Today's post is prompted by this question from Reddit:

How do I calculate the distribution of the number of selections (with replacement) I need to make before obtaining k? For example, let's say I am picking marbles from a bag with replacement. There is a 10% chance of green and 90% of black. I want k=5 green marbles. What is the distribution number of times I need to take a marble before getting 5?

I believe this is a geometric distribution. I see how to calculate the cumulative probability given n picks, but I would like to generalize it so that for any value of k (number of marbles I want), I can tell you the mean, 10% and 90% probability for the number of times I need to pick from it.

Another way of saying this is, how many times do I need to pull on a slot machine before it pays out given that each pull is independent?

Note: I've changed the notation in the question to be consistent with convention.

In [1]:
from __future__ import print_function, division

import thinkplot
from thinkstats2 import Pmf, Cdf

from scipy import stats
from scipy import special

%matplotlib inline


### Solution¶

There are two ways to solve this problem. One is to relate the desired distribution to the binomial distribution.

If the probability of success on every trial is p, the probability of getting the kth success on the nth trial is

PMF(n; k, p) = BinomialPMF(k-1; n-1, p) p



That is, the probability of getting k-1 successes in n-1 trials, times the probability of getting the kth success on the nth trial.
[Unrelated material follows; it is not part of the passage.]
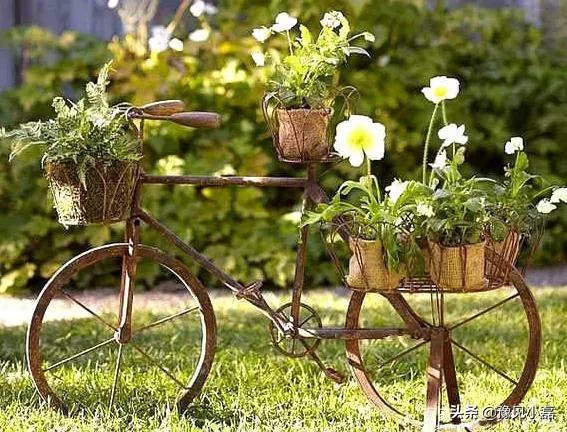 接下来这个漂亮的装饰品你能看出来是什么做的吗?其实是一位老农用咱们农村常见的废旧二八自行车改造而成的。之前我们用这种自行车会拉一些农村的废旧农用物品。但是现在有一种自行车太过于笨重,已经很少有人骑车了,所以被老农巧手做成了这个装饰品。是不是很漂亮?
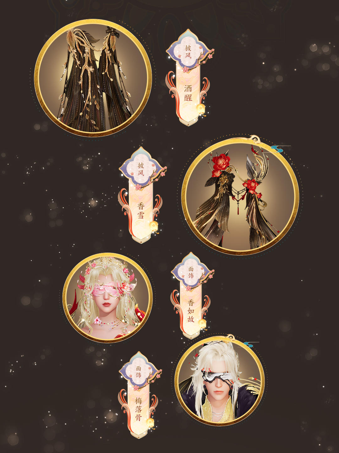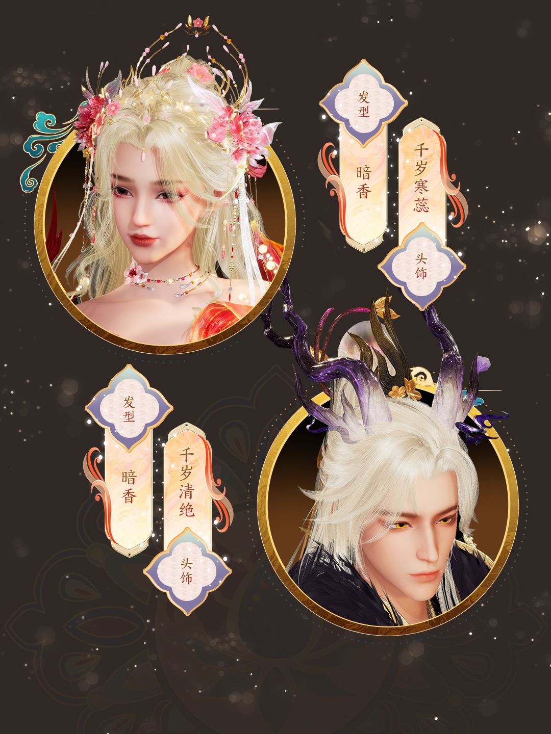 仙衣有灵全新主题外观「暗香入梦」外观细节曝光,更有同主题发型、双人坐骑,披风「香雪」「酒醒」、头饰「千岁寒蕊」「千岁清绝」、背饰「傲雪在梅」、面饰「香如故」「梅落骨」和同主题武器一同上线!

Here's a function that computes it:

In [2]:
def MakePmfUsingBinom(k, p, high=100):
pmf = Pmf()
for n in range(1, high):
pmf[n] = stats.binom.pmf(k-1, n-1, p) * p
return pmf


And here's an example using the parameters in the question.

In [3]:
pmf = MakePmfUsingBinom(5, 0.1, 200)
thinkplot.Pdf(pmf)


We can solve the same problem using the negative binomial distribution, but it requires some translation from the parameters of the problem to the conventional parameters of the binomial distribution.

The negative binomial PMF is the probability of getting r non-terminal events before the kth terminal event. (I am using "terminal event" instead of "success" and "non-terminal" event instead of "failure" because in the context of the negative binomial distribution, the use of "success" and "failure" is often reversed.)

If n is the total number of events, n = k + r, so

r = n - k



If the probability of a terminal event on every trial is p, the probability of getting the kth terminal event on the nth trial is

PMF(n; k, p) = NegativeBinomialPMF(n-k; k, p) p



That is, the probability of n-k non-terminal events on the way to getting the kth terminal event.

Here's a function that computes it:

In [4]:
def MakePmfUsingNbinom(k, p, high=100):
pmf = Pmf()
for n in range(1, high):
r = n-k
pmf[n] = stats.nbinom.pmf(r, k, p)
return pmf


Here's the same example:

In [5]:
pmf2 = MakePmfUsingNbinom(5, 0.1, 200)
thinkplot.Pdf(pmf2)


And confirmation that the results are the same within floating point error.

In [6]:
diffs = [abs(pmf[n] - pmf2[n]) for n in pmf]
max(diffs)

Out[6]:
8.6736173798840355e-17

Using the PMF, we can compute the mean and standard deviation:

In [7]:
pmf.Mean(), pmf.Std()

Out[7]:
(49.998064403376738, 21.207570382894403)

To compute percentiles, we can convert to a CDF (which computes the cumulative sum of the PMF)

In [8]:
cdf = Cdf(pmf)
scale = thinkplot.Cdf(cdf)


And here are the 10th and 90th percentiles.

In [9]:
cdf.Percentile(10), cdf.Percentile(90)

Out[9]:
(26, 78)